By accepting that not everyone is ready or able to stop risky or illegal behavior, harm reduction focuses on promoting scientifically proven ways of mitigating health risks associated with drug use and other high risk behaviors, including condom distribution, access to sterile syringes, and access to naloxone. We work with law enforcement, public health agencies, service providers and people who use illegal and prescription drugs.
Currently we’re working in Georgia and North Carolina to help law enforcement officers implement needlestick prevention measures and overdose prevention programs that equip officers with the opioid overdose reversal medication, naloxone (Narcan).
Naloxone is actually a relatively cheap medication. NCHRC passes out Intramuscular naloxone, which costs under $12 per Overdose Prevention Kit. Intranasal naloxone works just as well and is used by the majority of the 68+ law enforcement departments that carry naloxone in the US. The intranasal form is a bit more expensive, but doesn´t cost more than $60 for a two-dose naloxone kit. I am happy to assist any department to equip their officers with naloxone. Feel free to email me at firstname.lastname@example.org or give me a call at 336-543-8050 and I can assist with developing policies, trainings or ordering naloxone.
Both forms of naloxone work excellently and have been proven not to promote drug use. We’ve seen more people accessing drug treatment in cities that have a naloxone program, because people are given a second chance at life. Naloxone programs also mend and build community relationships, because community members start seeing law enforcement as lifesavers. A recent study showed that when a community invests in community wide naloxone distribution, overdose mortality may decrease by up to 46% percent. Another benefit of naloxone is that it decreases PTSD among law enforcement officers. Equipping officers with naloxone allows them to reverse overdoses and prevent them from witnessing their community members dying in front of them, a common problem in Appalachia.
Some states are going to need legal changes to run these programs. There are 24 states and DC that have good naloxone laws that take away civil and/or criminal liability for individuals who administer naloxone.

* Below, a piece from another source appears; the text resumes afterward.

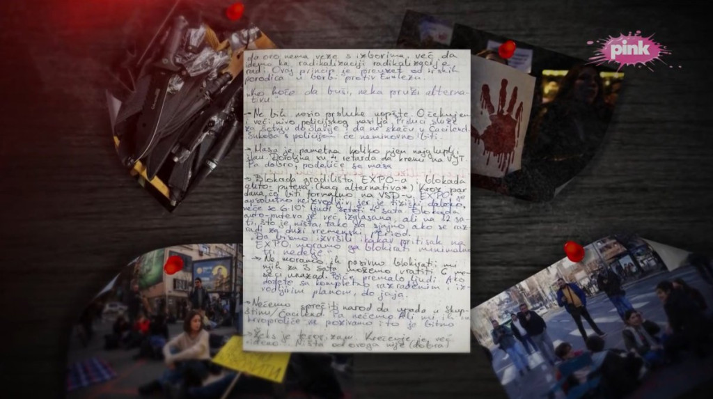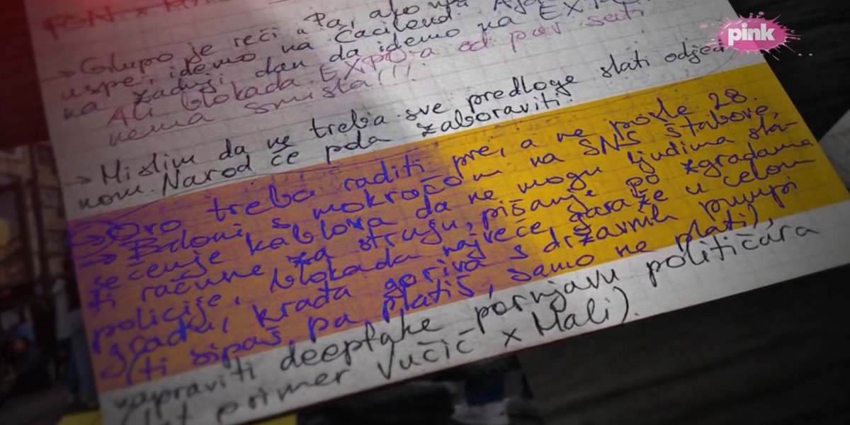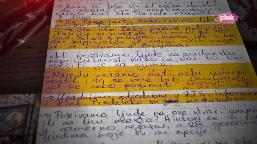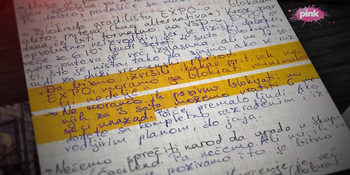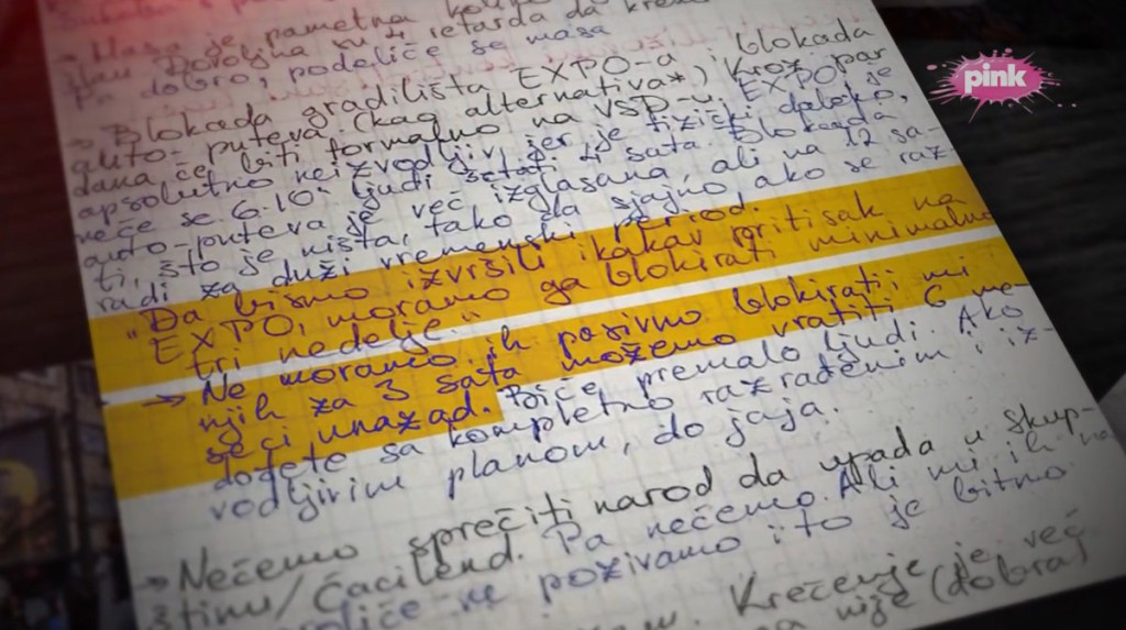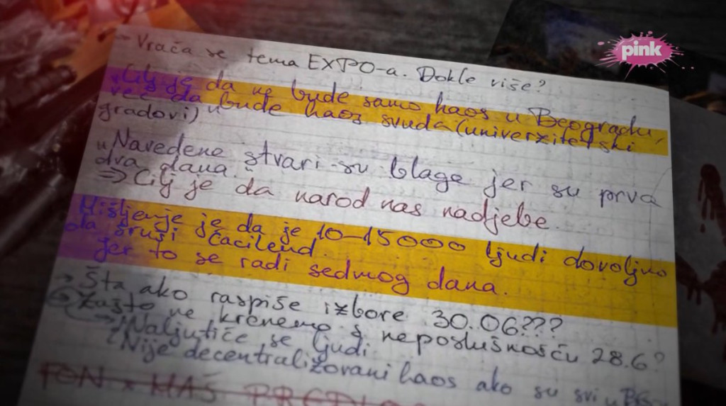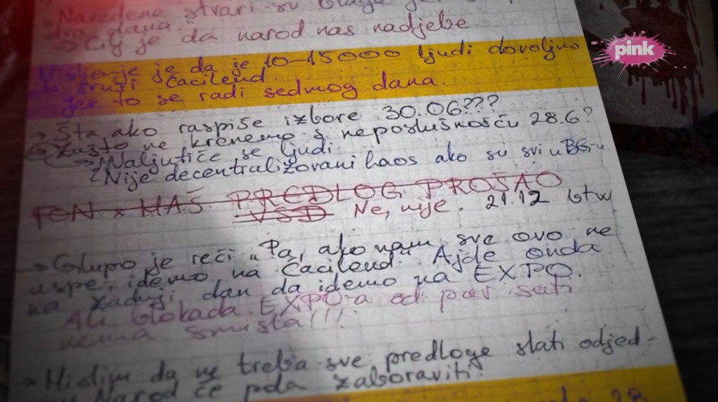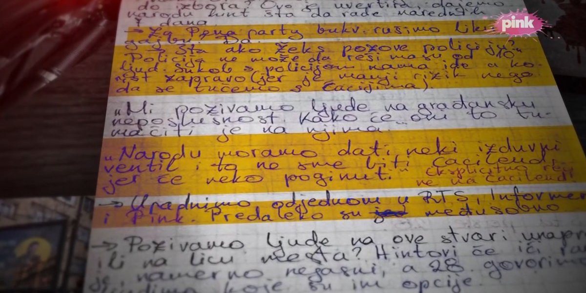 Naime, iz konteksta navedenog teksta napisanog rukom može se zaključiti da je reč o planovima studenata u blokadi tokom protesta koji je najavljen na Vidovdan u Beogradu. Takođe, navedena je mogućnost da nakon 28. juna blokaderi organizuju "Pena parti kod Žeksa" (reč je o vlasniku TV "Pink" Željku Mitroviću), krečenje i deratizaciju stranačkih lokala (najverovatnije se misli na prostorije SNS-a), "oslobađanje" zgrade RTS-a, realizacija akcije "Pink Panter", kao za Republičku izbornu komisiju, ali usmerenu prema medijskoj kući Pink.

We’ve been polling officers on their attitudes toward carrying naloxone in NC, and have found that the vast majority want access to it ASAP. I’ve been dispensing naloxone to officers since August 2013, and after a training we always have long lines of officers queuing to get it, because they want to be part of the solution. There isn’t any controversy among the officers about the life-saving benefits of naloxone.
Another good thing about Naloxone is that it is incredibly durable. According to the 2008 Study in the American Journal of Emergency Medicine called, “Alteration in prehospital drug concentration afterthermal exposure,” Naloxone can handle being in temperatures as low as 21 and as high as 129 degrees Fahrenheit temperatures for a 28 day period and keep a good concentration level of around 89%. We always recommend that you keep the medicine at room temperature out of sunlight, but naloxone is a burly medication that can handle limited exposure to the high heat and cold winter days that officers frequently deal with in the community.